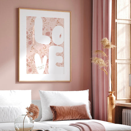 Love Pink Poster Trendy Typography Wall Art Digital Artwork Printable Floral Girly Dorm Nursery Decor Funky 70s Retro Download 1 Print $8.50
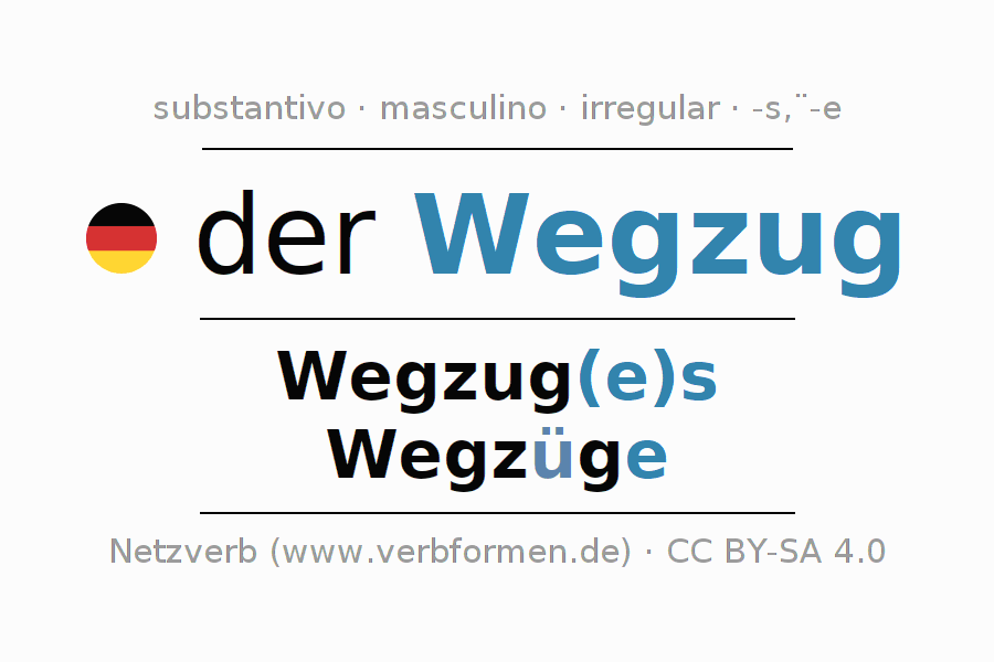 A declinação do substantivo Wegzug (mudança) está no genitivo singular Wegzug(e)s e no nominativo plural Wegzüge . O substantivo forte Wegzug é declinado com a terminação es/ü-e. No plural com um trema. O gênero gramatical de Wegzug é masculino e o artigo definido é 'der'. Não se pode somente declinar o substantivo Wegzug mas sim todos os substantivos em alemão. Comentários ☆
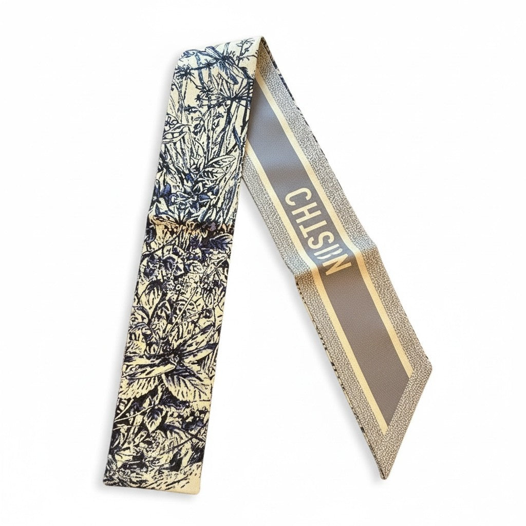 Elevate your handbag with the Legacy Ivory Toile Garden Twilly. Featuring a classic ivory-and-navy toile print with a chic designer-inspired border, this satin-style scarf adds effortless elegance to any look. Perfect for wrapping handles, tying bows, or adding a stylish accent. Limited quantity.
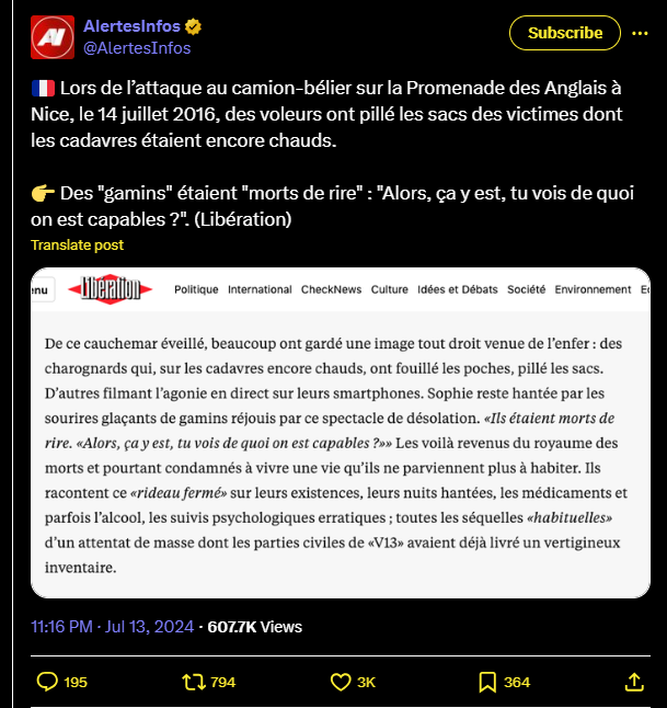 🇫🇷 Lors de l’attaque au camion-bélier sur la Promenade des Anglais à Nice, le 14 juillet 2016, des voleurs ont pillé les sacs des victimes dont les cadavres étaient encore chauds.
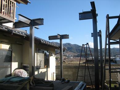 鉄骨の架台を組み、上にプレハブを建てる・・・言葉で言えば簡単ですが、
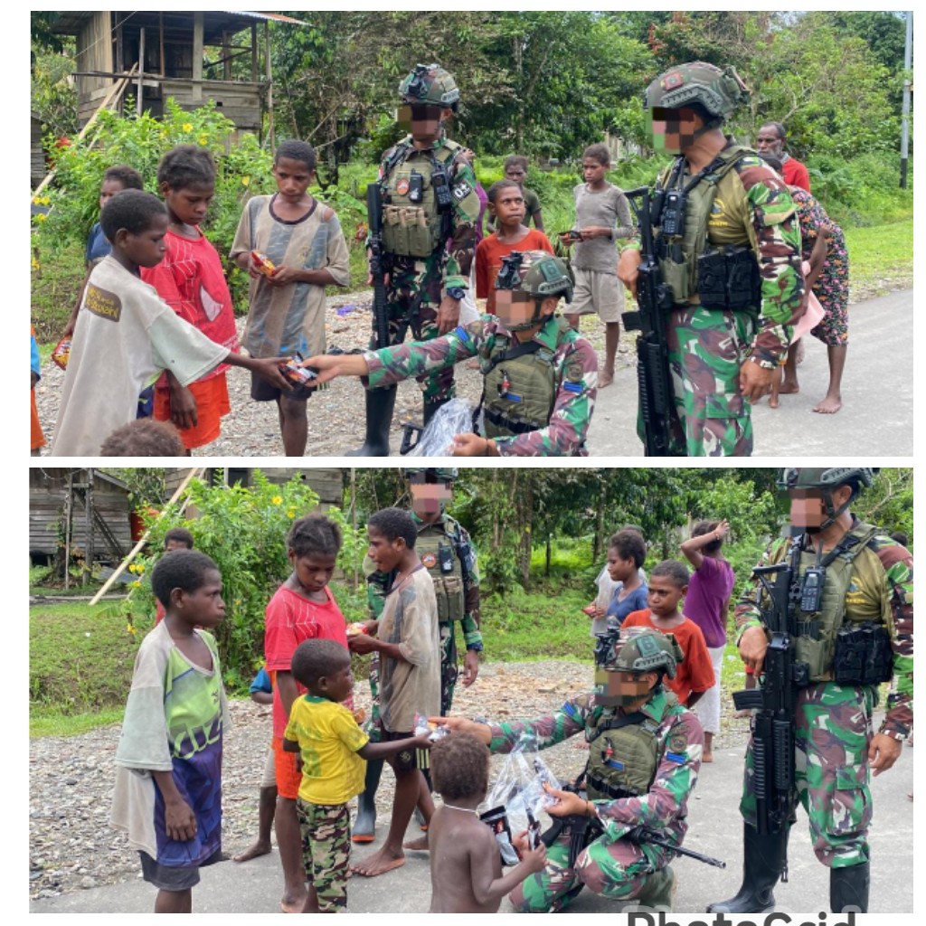 Satgas Yonif 6 Marinir, khususnya Pos Bravo pimpinan Letda Mar Alter, melaksanakan Komunikasi Sosial (Komsos) dengan anak-anak Kampung Massi, Distrik Dekai, sambil melaksanakan patroli pengamanan wilayah.
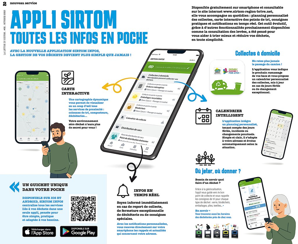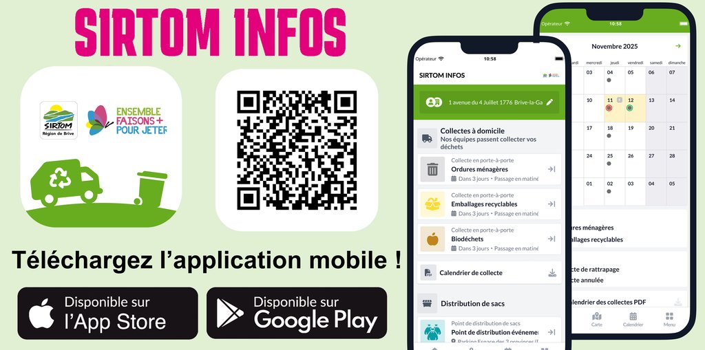 Vous accédez en un clic à toutes les informations qui vous concernent ! Faites défiler les photos et téléchargez l'application gratuitement en scannant le QR code ou en cliquant sur le lien suivant: SIRTOM INFOS · Renseignez une adresse · SIRTOM Région de Brive
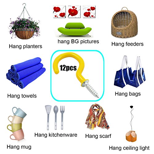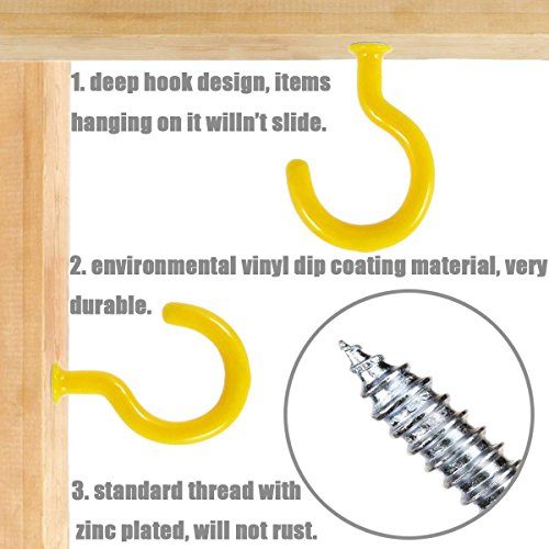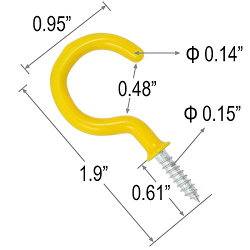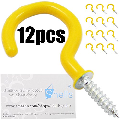 Shells 12PCS Yellow Color 1.9 Inches Vinyl Coated Hooks Cup Hooks Round End Screw Hooks Self-tapping Screws Hooks Question Mark Shape Hooks

• _WHAT IS EXPECTED_: The listing must be returned in full and exactly, apart from its pictures.

• _ANSWER BOX_:
 Love Pink Poster Trendy Typography Wall Art Digital Artwork Printable Floral Girly Dorm Nursery Decor Funky 70s Retro Download 1 Print $8.50
 A declinação do substantivo Wegzug (mudança) está no genitivo singular Wegzug(e)s e no nominativo plural Wegzüge . O substantivo forte Wegzug é declinado com a terminação es/ü-e. No plural com um trema. O gênero gramatical de Wegzug é masculino e o artigo definido é 'der'. Não se pode somente declinar o substantivo Wegzug mas sim todos os substantivos em alemão. Comentários ☆
 Elevate your handbag with the Legacy Ivory Toile Garden Twilly. Featuring a classic ivory-and-navy toile print with a chic designer-inspired border, this satin-style scarf adds effortless elegance to any look. Perfect for wrapping handles, tying bows, or adding a stylish accent. Limited quantity.
 🇫🇷 Lors de l’attaque au camion-bélier sur la Promenade des Anglais à Nice, le 14 juillet 2016, des voleurs ont pillé les sacs des victimes dont les cadavres étaient encore chauds.
 鉄骨の架台を組み、上にプレハブを建てる・・・言葉で言えば簡単ですが、
 Satgas Yonif 6 Marinir, khususnya Pos Bravo pimpinan Letda Mar Alter, melaksanakan Komunikasi Sosial (Komsos) dengan anak-anak Kampung Massi, Distrik Dekai, sambil melaksanakan patroli pengamanan wilayah.
 Vous accédez en un clic à toutes les informations qui vous concernent ! Faites défiler les photos et téléchargez l'application gratuitement en scannant le QR code ou en cliquant sur le lien suivant: SIRTOM INFOS · Renseignez une adresse · SIRTOM Région de Brive
 Shells 12PCS Yellow Color 1.9 Inches Vinyl Coated Hooks Cup Hooks Round End Screw Hooks Self-tapping Screws Hooks Question Mark Shape Hooks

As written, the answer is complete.